Martins (2019) inicia o texto falando sobre como a globalização, processo quase inerente a todas as sociedades, tem contribuído para as rápidas transformações ocorridas ao longo das últimas décadas. O autor não separa esse processo (da globalização) do uso das tecnologias da informação e comunicação (TIC), o que já dá uma primeira ideia para pensar como ambos se influenciam mutuamente. Será que existe atualmente um processo de globalização sem o uso das TIC? Bom, ensaiamos timidamente dizer que não. O fluxo de informações transita quase que mundialmente e, por que não dizer, instantaneamente ao redor do globo. No final da década de 1990, Levy (1999) em sua obra Cibercultura apresentou o conceito que dá nome ao seu livro. Dentre muitas questões que ele aborda, traz a perspectiva do aumento do fluxo de informações entre pessoas mediadas pela tecnologia, que ele chamou de fluxo da inteligência coletiva. Ele trata também de como a noção de cultura vai sendo transformada em decorrência do surgimento das novas tecnologias e sua inserção na vida diária em seus vários contextos.
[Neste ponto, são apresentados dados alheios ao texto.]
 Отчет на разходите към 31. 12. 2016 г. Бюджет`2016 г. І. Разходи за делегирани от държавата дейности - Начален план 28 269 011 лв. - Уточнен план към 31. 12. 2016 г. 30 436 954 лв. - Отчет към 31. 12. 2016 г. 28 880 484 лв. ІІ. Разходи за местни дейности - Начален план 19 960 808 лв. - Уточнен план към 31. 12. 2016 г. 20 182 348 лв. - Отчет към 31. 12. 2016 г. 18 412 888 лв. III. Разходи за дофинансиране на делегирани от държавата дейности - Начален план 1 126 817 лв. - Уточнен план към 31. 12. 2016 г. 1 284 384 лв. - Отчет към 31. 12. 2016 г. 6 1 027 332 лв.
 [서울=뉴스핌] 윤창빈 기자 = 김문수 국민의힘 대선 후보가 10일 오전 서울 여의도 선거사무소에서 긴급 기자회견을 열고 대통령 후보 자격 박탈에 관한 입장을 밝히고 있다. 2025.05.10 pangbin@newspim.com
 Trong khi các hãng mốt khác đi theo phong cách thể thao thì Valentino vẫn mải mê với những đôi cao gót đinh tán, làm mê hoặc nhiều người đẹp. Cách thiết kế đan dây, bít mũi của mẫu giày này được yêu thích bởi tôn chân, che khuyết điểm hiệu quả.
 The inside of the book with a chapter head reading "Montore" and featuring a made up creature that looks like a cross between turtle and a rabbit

Em seu trabalho, Canclini (2011) analisa a cultura na Pós-Modernidade, discutindo o fenômeno da globalização sob as perspectivas econômica, política e social. Para o antropólogo, na Pós-Modernidade ocorre a desarticulação cultural com a perda de linearidade histórica e a reorganização cultural do poder. Nesse sentido, Canclini (2011) permite um diálogo com Bourdieu (2012), que explicara que
a cultura da elite é tão próxima à cultura escolar que as crianças originárias de um meio pequeno-burguês (ou, a fortiori, camponês e operário) não podem adquirir, senão penosamente, o que é herdado pelos filhos das classes cultivadas (Bourdieu, 2012, p. 55).
Nesse sentido, Martins chama a atenção para a supervalorização dos avanços da ciência e da tecnologia e seu “descompasso” mediante os avanços da humanidade, pois, como afirmava Adorno (2009, p. 6),
os interessados adoram explicar a indústria cultural em termos tecnológicos. A participação de milhões em tal indústria imporia métodos de reprodução que, por seu turno, fazem com que inevitavelmente, em numerosos locais, necessidades iguais sejam satisfeitas com produtos estandardizados.
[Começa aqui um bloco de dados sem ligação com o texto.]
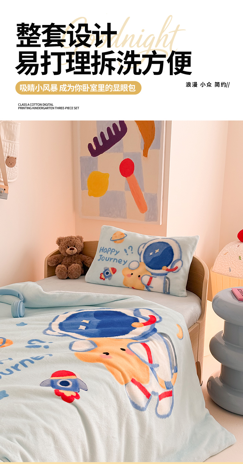当前位置: 91家纺网 > 商品网购 > 床品套件 > 三件套 > 嗨生活 2025新款牛奶绒数码印花原创大版卡通幼儿园套件幼儿园三件套 飞机恐龙
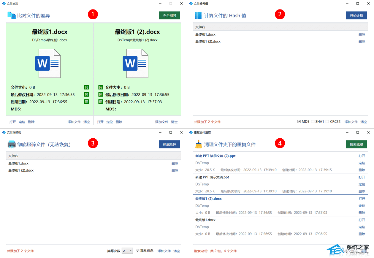 Allen Explorer 原生支持【比对文件差异】、【计算文件 Hash 值】、【粉碎文件】、【清理重复文件】及【清理空文件夹】等附加功能。
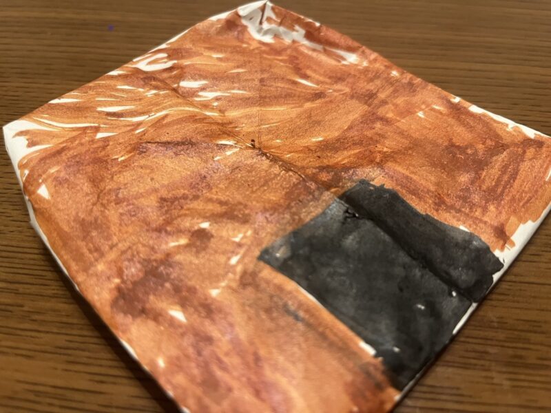 プロッキーで重ね塗りし、真ん中の紙がポロポロしている

Dessa forma, é importante compreendermos que a cultura é subordinada ao mercado econômico, tal qual uma ferramenta a serviço de grupos concentradores de poder. Ou seja, é utilizada para manipular as massas. Principalmente por meio dos meios eletrônicos que, devido aos avanços tecnológicos, têm se tornado cada vez mais atrativos (Canclini, 2011; Bourdieu, 2012).
Estrategicamente, como bem sinaliza Martins, além de entreter, fornecer conforto e eficiência, quanto mais modernos e avançados forem os equipamentos tecnológicos, maior a sensação de poder de seus consumidores, impactando a sociedade de maneira geral, por partir do princípio de que “o progresso da humanidade e a inventividade tecnológica são categoricamente a mesma coisa” (p. 4).
Questionamo-nos então se Levy (1999) previu em seu trabalho que nós, seres humanos, hoje nos relacionaríamos mais por meio de aplicativos do que presencialmente. Será que boa parte da nossa existência estaria cada vez mais caminhando para a virtualização? São questionamentos como esse que podem nos ajudar a tecer uma reflexão sobre a presença das TIC no mundo contemporâneo.
Embora possamos explorar diversos contextos, dada a natureza quase onipresente das tecnologias, vamos nos remeter ao processo educacional que Martins (2019) vem abordando ao longo do seu artigo. O autor deixa claro que não é contra o uso da tecnologia, sobretudo na Educação, pois hoje temos estudantes inseridos num cenário de avanços tecnológicos que promovem novas formas de expressão e comunicação.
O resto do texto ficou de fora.